Anonymous email service Leak suspends service, is working on its own email backend


Anonymous email service Leak suspends service, is working on its own email backend

After going live less than two weeks ago, Leak, the anonymous emailing site, has suspended service citing issues with email providers MailChimp and SendGrid.

The emails sent from Leak through the email services were not opt-in, a violation of both companies’ terms of service. Leak looked like it was spamming people. The last thing either email company wants is someone using its service to send messages to people they didn’t ask for.

Co-Founder Laurent Desserrey told TNW, “Seb and I didn’t expect that people would be sending that many leaks over the week. It’s actually a good issue.” A good issue that is also pushing the team to take charge of their own backend.

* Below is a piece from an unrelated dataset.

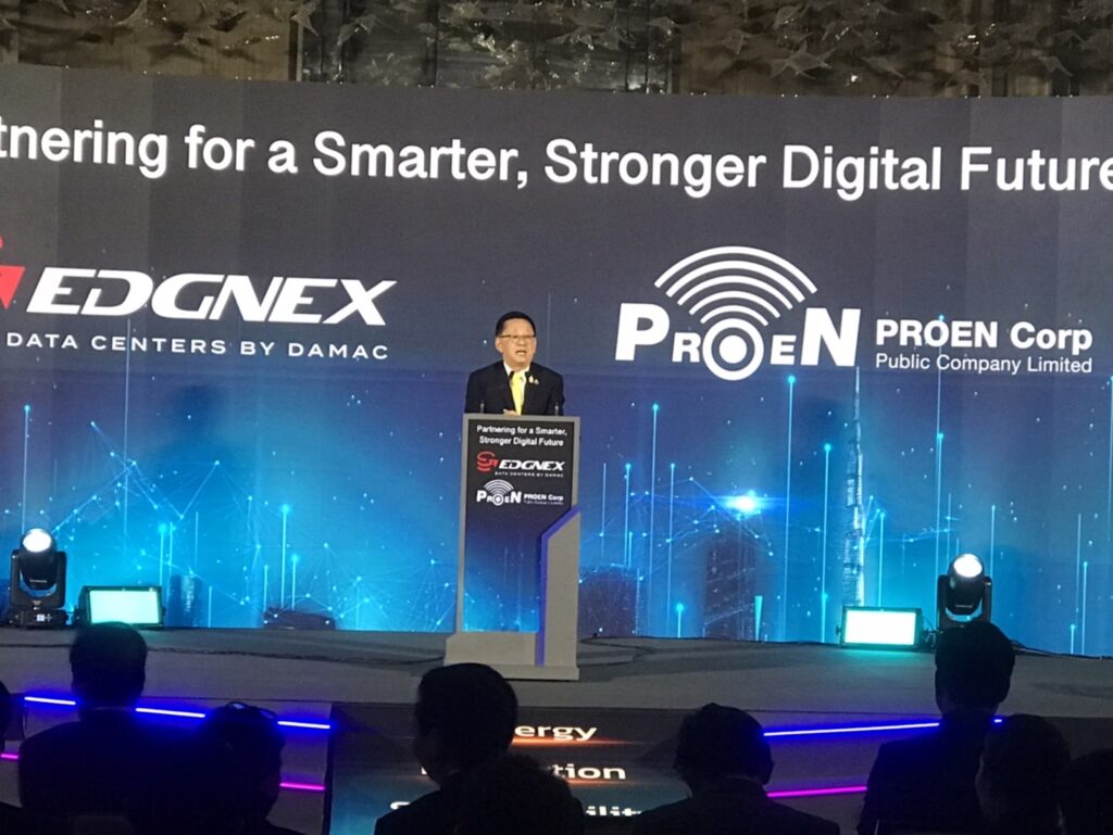 นายประเสริฐ จันทรรวงทอง รองนายกรัฐมนตรีและรัฐมนตรีว่าการกระทรวงดิจิทัลเพื่อเศรษฐกิจและสังคม เป็นประธานในการประกาศการลงทุนระหว่าง DAMAC Group ของสหรัฐอาหรับเอมิเรตส์ที่ได้ก่อตั้งบริษัท EDGNEX Data Centers เพื่อมาลงทุนในไทยโดยได้ร่วมลงทุนกับบริษัท โปรเอ็น คอร์ป จำกัด (มหาชน) บริษัทชั้นนำในด้านเทคโนโลยีของประเทศไทย โดยการจับมือกันครั้งนี้ เป็นการขยายธุรกิจครั้งใหญ่ของทั้งสองบริษัทในประเทศไทยที่สอดคล้องกับความมุ่งมั่นในการสนับสนุนและพัฒนาด้านดิจิทัล ในภูมิภาคเอเชียตะวันออกเฉียงใต้ โดยจะมีการลงทุนกว่า 32,000 ล้านบาท ในโครงการพัฒนาศูนย์ข้อมูล เทคโนโลยีและ AI ขั้นสูงซึ่ง EDGNEX จะถือหุ้น 70% ในการร่วมทุนและเป็นหัวเรือใหญ่ รับผิดชอบงานบริการด้านดาต้า เซอร์วิส (Data Services) ส่วนบริษัท โปรเอ็น คอร์ป จำกัด (มหาชน) จะถือหุ้น 30%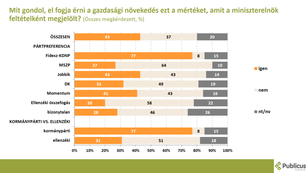 Tízből nyolc (77 százalék) kormánypárti szavazó úgy látja, hogy a gazdasági növekedés el fogja érni a GDP 5,5 százalékát. Tízből három ellenzéki (31 százalék), illetve szintén tízből három (28 százalék) bizonytalan szavazó szerint azonban a miniszterelnök által kitűzött célt a magyar gazdaság nem fogja elérni.

Leak’s co-founder Sébastien Thiriet blames the site’s success on being flagged my MailChimp’s API, Mandrill. It probably didn’t help matters that they posted Leak on Product Hunt where the tech elite and tech press quickly picked it up. Soon they were sending 10 anonymous emails a second.

The co-founders both “totally understand” the reaction from Mandrill and SendGrid and they are currently building their own dedicated email server with specific features needed by their service.

No word on when the site will return and when you can restart sending anonymous emails to friends, families and co-workers. Until then, it’s back to subtweets.